### Data listing
⟨

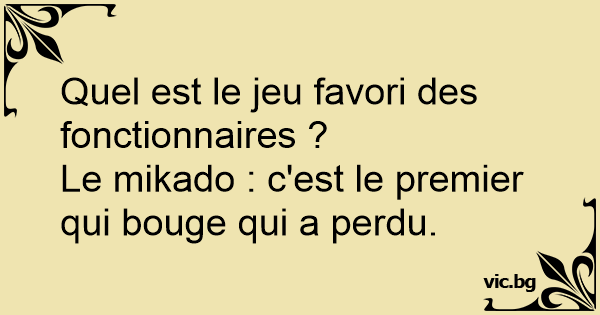 Quel est le jeu favori des fonctionnaires ?<br />Le mikado : c'est le premier qui bouge qui a perdu.
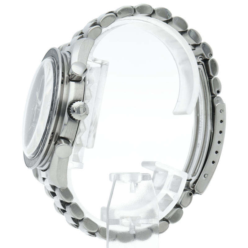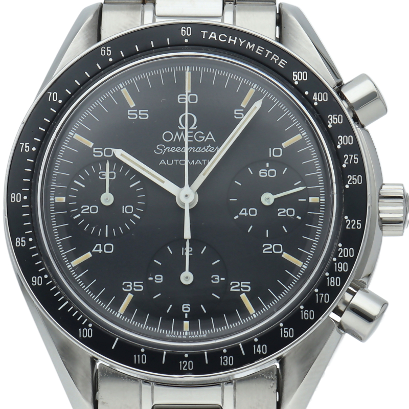 オメガを代表する人気シリーズ「スピードマスター」。プラ風防を使用したレトロな雰囲気かつシンプルにまとまったデザインがスタイルを選ばずにご使用いただけます。
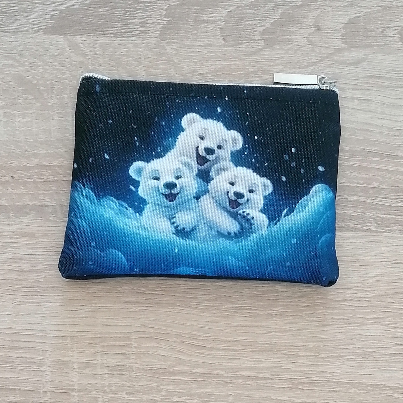 Pouzdro, taška, batoh. Trojce bílých medvídků
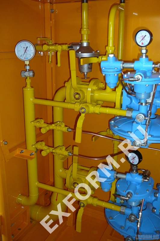 Главным прибором в ГСГО-МВ является регулятор давления газа, именно он обеспечивает стабильную и бесперебойную работу пункта. В премиум версии ГСГО выполнена на базе двух регуляторов РДП-50 с точностью поддержания заданного выходного давления в пределах 1-2%, эконом вариант выполнен с регуляторами РДБК с точностью работы 10%.
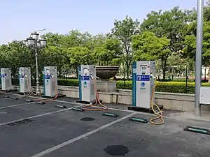 Зарядна станція — елемент міської інфраструктури, що надає електроенергію для зарядки акумуляторного електротранспорту, такого як електромобілі, електробуси, електроскутери, електросамокати, гіроскутери, сегвеї, електровелосипеди і т. п.
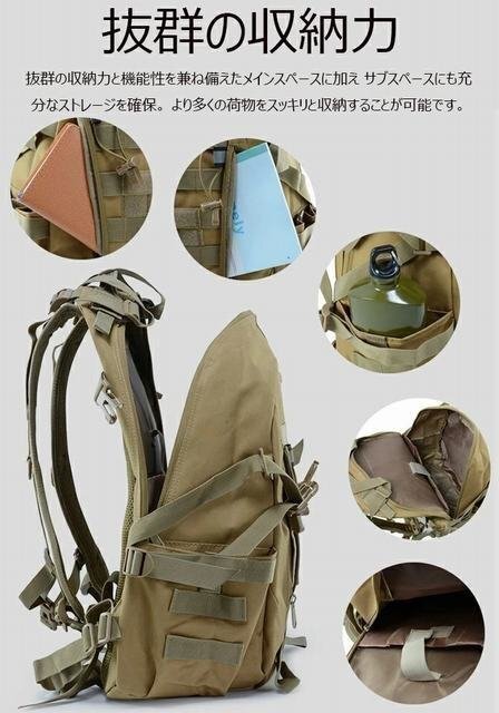 【優れた汎用性】 普段使いはもちろん、登山やキャンプ、防災時など様々なシーンで使える、耐久性 防水性に優れたバックパックです。 【抜群の収納力】 通常のリュックサックの容量が20L~30Lなのに比べ、約50Lもの大容量を備えたバックパック。重量やサイズ感も大き過ぎない実用性の高いアイテムです。 【豊富なストレージ】 抜群の収納力と機能性を兼ね備えたメインスペースに加え サブスペースにも充分なストレージを確保。 より多くの荷物をスッキリと収納することが可能です。 【高い機能性】 4箇所以上のストレージに加えて、ボトム部分にはカメラスタンドなどの 棒状の荷物や横幅のある荷物を運ぶためのバックルがついており、 より効率よくたくさんの荷物を運ぶことが可能です。 【耐久性&防水性】 抜群の収納力と機能性を兼ね備えたメインスペースに加え サブスペースにも充分なストレージを確保。 より多くの荷物をスッキリと収納することが可能です。 ※画像撮影時の状況や、PC上の環境により多少色合いが異なって見える場合があります。
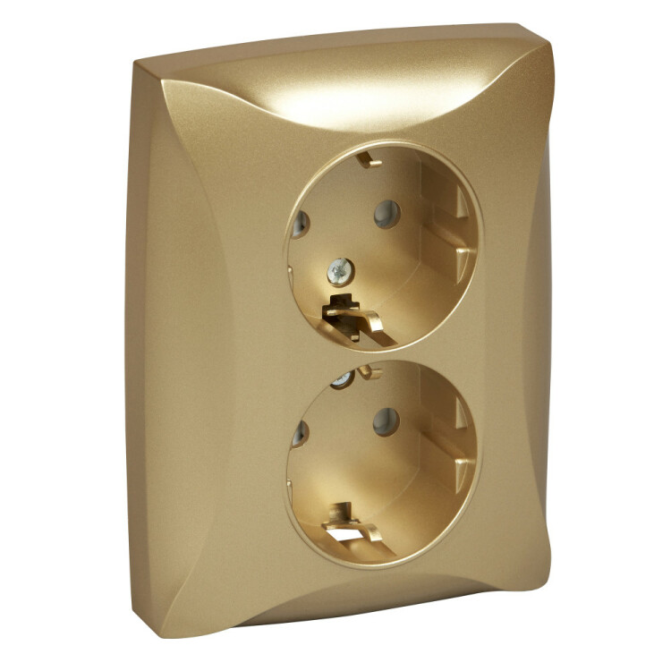 Дуэт Розетка двойная с заземлением со шторками, 16А, в сборе, шампань. тип устройства или его аксессуаров: 2-я розетка - комплектация изделия: механизм в сборе - описание стандарта розетки: с заземляющим контактом. Преимущества: Ваш вкус оценят, Доступная цена, Инновационный дизайн, Безопасность и надежность монтажа, Большой выбор функциональных возможностей и цветовых сочетаний, Безопасная эксплуатация изделий, Соответствие ГОСТ Р и МЭК, Удобная упаковка.. применения: - Для недорогого ремонта, Для загородного дома, Для офисов класса В, Для гостиниц..
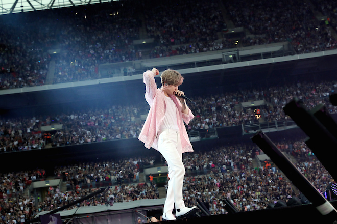 2度目のロンドンでBTSが立ったのは、歴史あるウェンブリースタジアム。韓国アーティスト初となる快挙で、彼らの歴史に新たな1ページを刻んだ。MCではイギリスが生んだ名作『ハリー・ポッター』を話題に出し、Vは魔法で光を操って会場中を紫に染め上げていた。
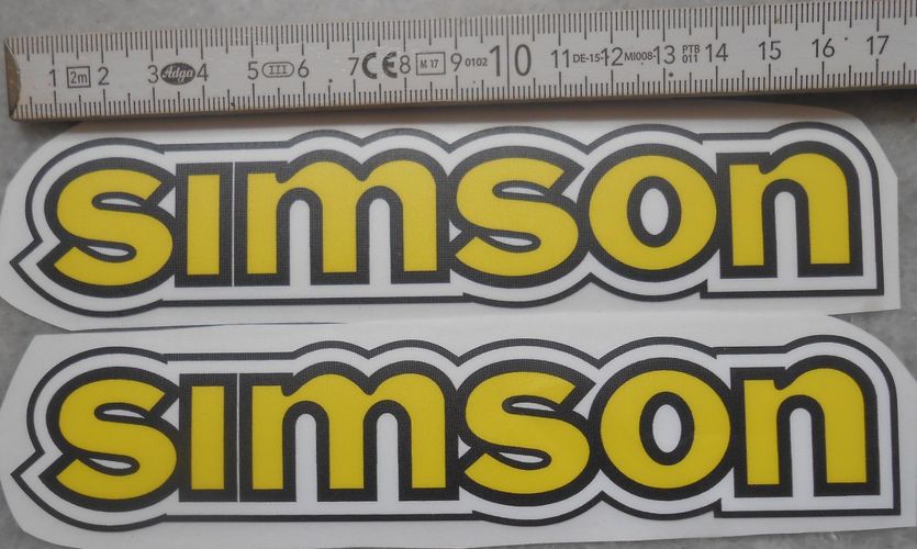8 Aufkleber Gelb-Schwarz-Weiß unter Übertragungsfolie zum einfachen anbringen Simson ca.17,3 x 3,5 cm So wie auf dem Fotos zu sehen ist der S50B kann auch als S50N verschickt werden und der Simson in der Farbvariante von Bild 3 Wichtiger Hinweis: Die von uns angegebene Markennamen stehen nicht im Zu
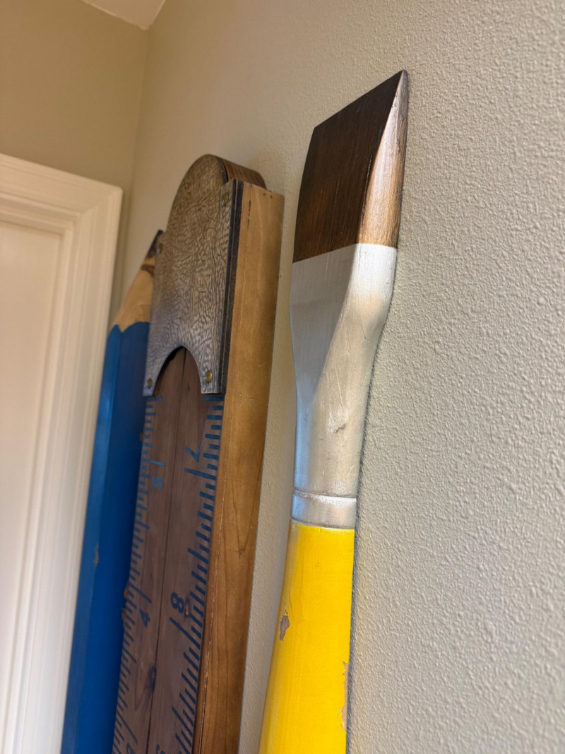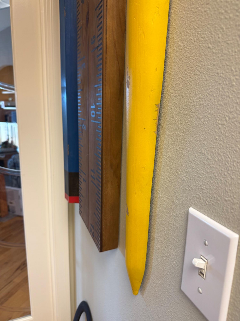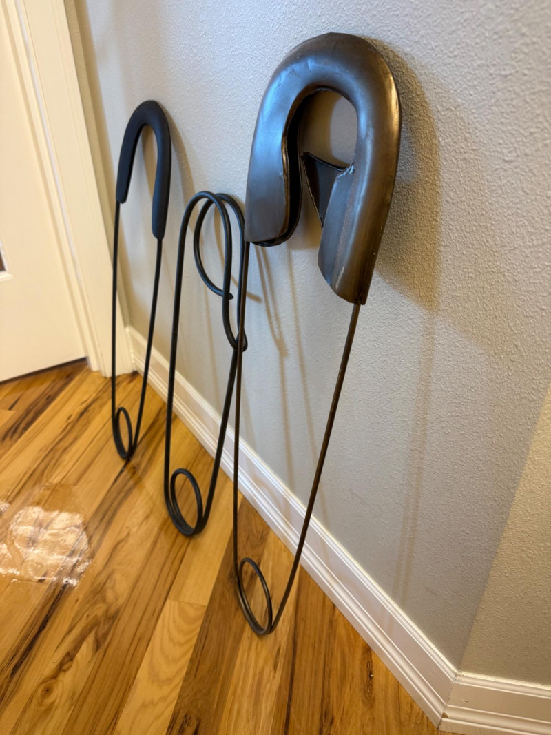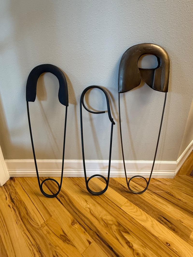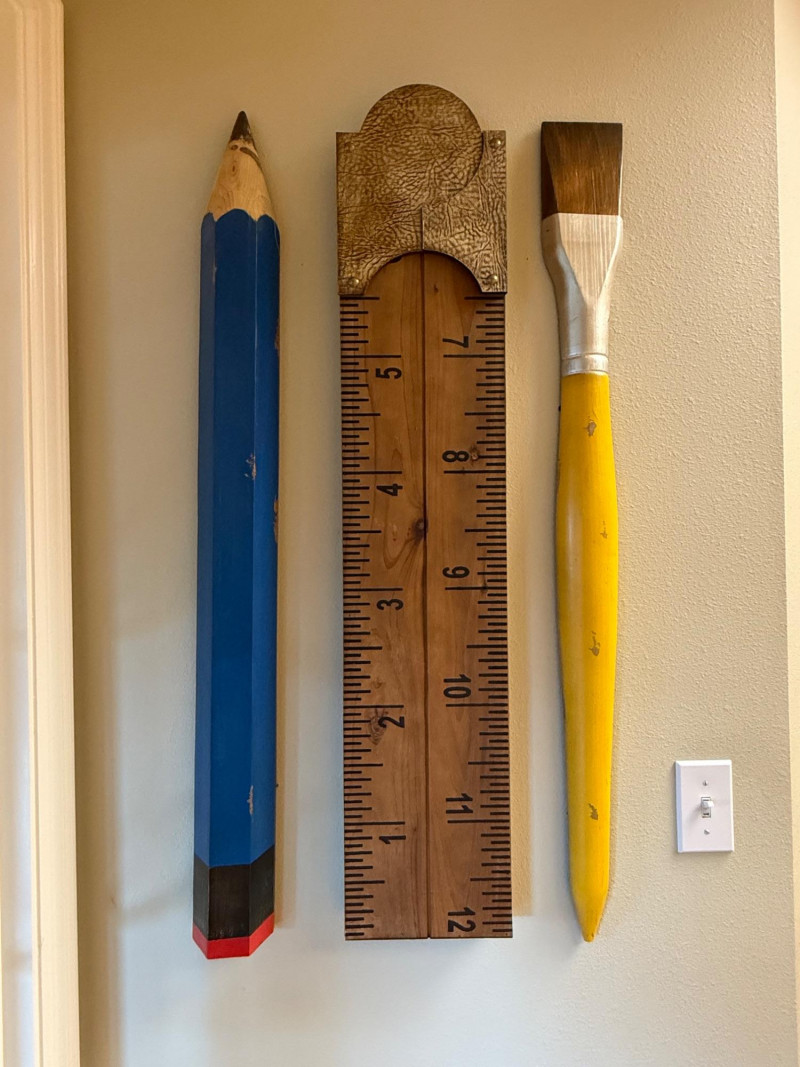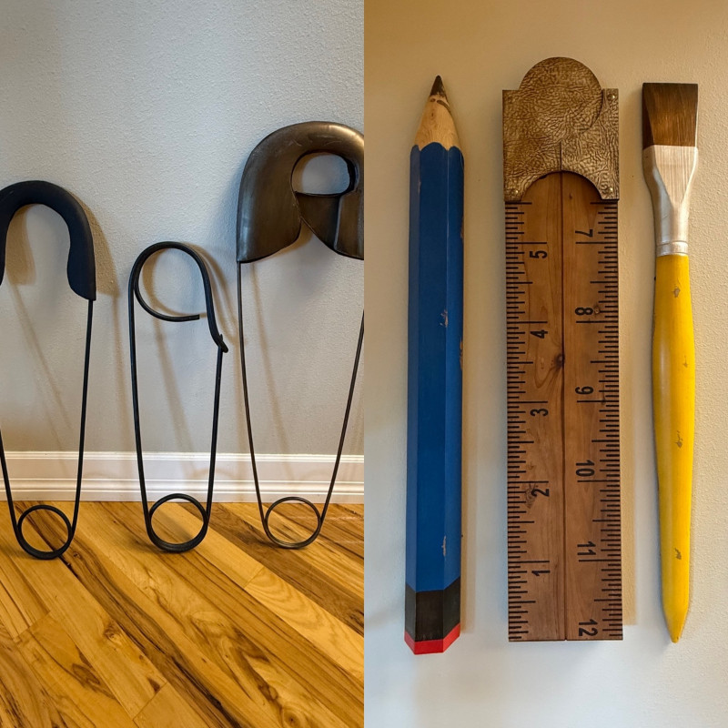 A group of large, whimsical decorative sculptures styled after everyday objects. On the left are three oversized metal safety‑pin sculptures, each with a different curve and finish. On the right are three oversized art‑themed wall pieces: a large blue pencil, a wooden ruler marked 1–12, and a big paintbrush with a yellow handle. These pieces are playful, bold, and designed as statement décor.

⟩

### Your assignment
Using the records above, return verbatim only the part that opens with the line containing "Pouzdro, taška, batoh." and closes with the line containing "Главным прибором в"; pictures stay out.

### Task result
 Pouzdro, taška, batoh. Trojce bílých medvídků
 Главным прибором в ГСГО-МВ является регулятор давления газа, именно он обеспечивает стабильную и бесперебойную работу пункта. В премиум версии ГСГО выполнена на базе двух регуляторов РДП-50 с точностью поддержания заданного выходного давления в пределах 1-2%, эконом вариант выполнен с регуляторами РДБК с точностью работы 10%.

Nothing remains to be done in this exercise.